= List of 17th-century wars involving the Thirteen Colonies =

This list of Colonial American Wars includes military conflicts involving the Thirteen Colonies and their predecessor colonies from 1609 to 1700. It covers the colonies that joined them prior to their Independence in 1776 (for example the Plymouth Colony merged with Massachusetts Bay Colony in 1691 and the Saybrook Colony merged with Connecticut Colony in 1644).
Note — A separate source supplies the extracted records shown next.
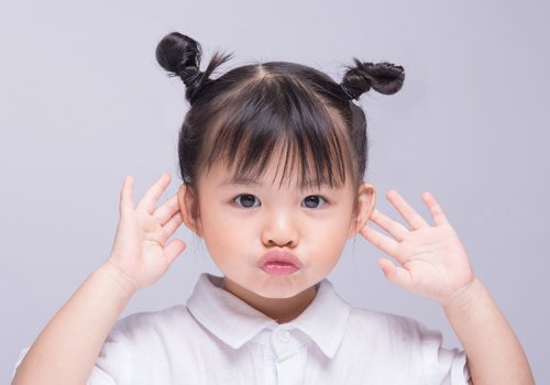 如果你家四岁女孩的头发过肩的话,这时给女儿扎哪吒头的时候,就没有必要把女孩后面的头发散着了,将其聚集在头顶两侧边,分别盘成耸立小丸子头,搭配轻薄刘海,天真烂漫的小萝莉人见人爱。
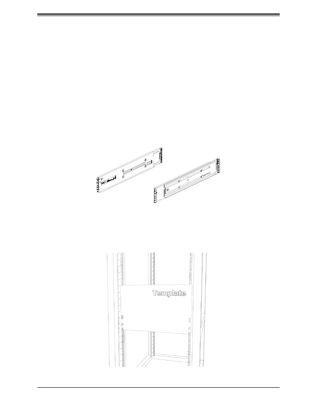 2. Position the template at the front of the rack to determine the locations of the screws for
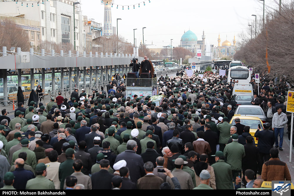 پیکر سردار قدرت الله منصوری فرمانده قرارگاه منطقه ای ثامن الائمه نیروی زمینی سپاه پاسداران انقلاب اسلامی صبح امروز دوشنبه از محل مهدیه مشهد تا حرم مطهر رضوی تشییع شد.
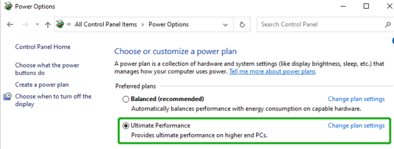3) Access Power Options under Control Panel > Hardware and Sound > Power Options. Change the power setting to Ultimate Performance or High Performance.

These would include the New England Colonies, Chesapeake Colonies, Middle Colonies, and the Southern Colonies, as well as in the British-controlled Ohio Country and Illinois Country.

There are 18 military conflicts in this list, excluded are all conflicts involving other British territories in British America that did not become part of the United States.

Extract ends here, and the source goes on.